To see the mix channel settings use PulseAudio Volume control and go
to the input devices tab. PulseAudio Volume control is in the Linux
menus under the sound and video submenu (on Ubuntu anyway). You may
need to install the package pavucontrol to get this gui.

To turn off the auto adjust:

cd ~/.config/google-googletalkplugin # get to google chat's directory
cp -p options options.bak # make a backup before changing stuff !
gedit options # edit the config file

now change one of the lines so that it reads as follows:

audio-flags=1

Now restart you machine and google chat will now longer auto-adjust!!!

Remember to go to PulseAudio volume control just to make sure the left
channel stays at 0

//////// //////////// //////////// //////////// ////////////
/////////// //////////

wd5gnr
9/6/10

I had crackly audio issues -- not bad but annoying. I realized I'd
made some changes to my pulseaudio configuration a long time ago.

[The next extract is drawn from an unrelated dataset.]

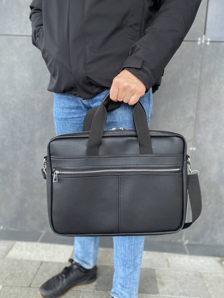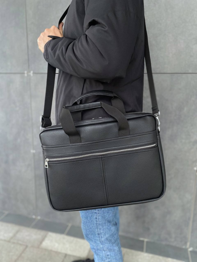 Сумка гарна, виглядає стильно, поверхня зі шкірозамінника аналогічна поверхні класичних сумок. Ноутбук поміщається добре. Дякую

If you are comfortable with sudo and a text editor you might try experimenting:

Open /etc/pulse/daemon.conf.. Not sure which of these made the
difference. I was suing src-sinc-best-quality but I think even on my
quad core 3.8Ghz machine it was not doing me any favors. I also
adjusted the number of fragments and the fragment size. You won't find
the comments (lines with ;) in your file because I added them. But you
should find resample-method, default-fragments, and
default-fragment-ize-msec.

Here's the excerpt.

; choices in order from best to worst:
; src-sinc-best-quality, src-sinc-medium-quality, src-sinc-fastest,
speex-float-{10-0}, speex-fixed-{10-0}, ffmpeg, src-zero-order-hold,
src-linear, trivial
; default is speex-float-1
resample-method = src-sinc-fastest

And further down:
; default is 4 and 25
; was suggested to do 8 and 10
default-fragments = 32
default-fragment-size-msec = 25

Now my calls are GREAT quality!!!
--------------------------

//////// //////////// //////////// //////////// ////////////
/////////// //////////
Niels Mayer
2010-09-07 18:21:31 UTC
Permalink
Post by Niels Mayer
FYI if you're running without pulseaudio (so as to avoid the problems
it introduces -- see two messages below as examples), the
GoogleTalkPlugin has an annoying delay every time it tries to access
an audio device, as it's querying for pulseaudio and not finding it
present and timing out. Each time this happens, you'll see a message
"socket(): Address family not supported by protocol"
Ugh... I thought I had solved this, as I wasn't seeing the messages
when testing my change. But I just had a phone call and saw the
pulseaudio message again, even with my --disable-sound hack. I also
tried giving the command-line arg directly to the google plugin and
it won't accept this gnome argument (even though the browser does). SO
I'm not sure what I was seeing the first time, and sorry for reporting
on false success.

Is there an environment variable that does the same thing as
--disable-sound so that pulseaudio never gets called within a Gnome
app? Some KDE apps like 'kmix' have a special envvar for this:
KMIX_PULSEAUDIO_DISABLE=1

Any equivalent envvar in the underlying gnome libraries to disable
pulse and go straight to ALSA?

Niels
http://nielsmayer.com
Paul Davis
2010-09-08 14:31:15 UTC
Permalink
Post by Niels Mayer
Any equivalent envvar in the underlying gnome libraries to disable
pulse and go straight to ALSA?
most (or maybe just a lot of) code doesn't use PulseAudio directly at
all. it opens an ALSA device that is implemented by the Pulse ALSA
user-space plugin.

last time i looked lennart was still encouraging people NOT to use the
PulseAudio API for writing apps, but people are.
Niels Mayer
2010-09-08 15:41:56 UTC
Permalink
Post by Paul Davis
most (or maybe just a lot of) code doesn't use PulseAudio directly at
all. it opens an ALSA device that is implemented by the Pulse ALSA
user-space plugin.
last time i looked lennart was still encouraging people NOT to use the
PulseAudio API for writing apps, but people are.
Thanks for the clarification.

The underlying issue is that in practice most gnome apps, attempt to
contact pulseaudio first, failing with "socket(): Address family not
supported by protocol" and causing a short delay before directly going
to the device.

Since pulse is completely uninstalled on the systems where I see this
problem, there's no chance that the ALSA user-space plugin is being
invoked, since neither of these packages are installed
"alsa-plugins-pulseaudio.i686" or "alsa-plugins-pulseaudio.x86_64"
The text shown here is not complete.